In 1989, the first open-heart surgery was performed at Binghamton General Hospital on patient George J. Glover, a 66-year-old man who had suffered a recent heart attack. Glover was considered a good candidate, as the attack had not damaged the heart. The surgery was a success, and in the next few months, hundred of such surgeries were performed. Those surgeries continue to this day, and we sometimes accept them without realizing the amazing skills and technology that come into play.

George J. Glover, the area’s first heart surgery patient, shown in 1990.
George J. Glover, the area’s first heart surgery patient, shown in 1990.

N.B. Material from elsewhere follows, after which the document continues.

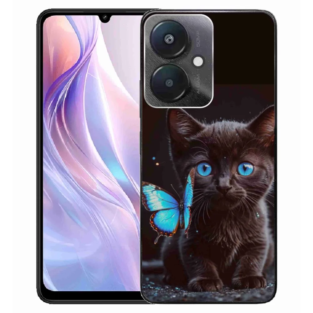 Pružný gelový obal mmCase s obrázkem na Xiaomi Redmi 13C 5G - černé kotě 3

In my own family, my father suffered a heart attack while undergoing chemotherapy for cancer. While awaiting surgery to put in a stent, the surgeon walked in 15 minutes later to tell me he could not do the procedure, as it would have killed my father.

Instead, the next morning, my father underwent successful quadruple bypass surgery while in his 80s. The surgeon told me he had just operated on a woman in her 90s, and it seemed commonplace. It was anything but, watching my father in the hospital bed with innumerable tubes coming out of him, and knowing that the surgeon had taken my father’s heart in his hands to replace four of my father’s arteries.

It is an amazing feat, and one that this region should be proud of — that the medical staffs of our facilities continue to perform operations to replace broken bones, broken limbs and broken hearts.

It took a number of years to get to that point, and I wonder how history will look back at the advancements made from 1981 to today and where they will be in another 30 years. Only time will tell. Now about that knee replacement.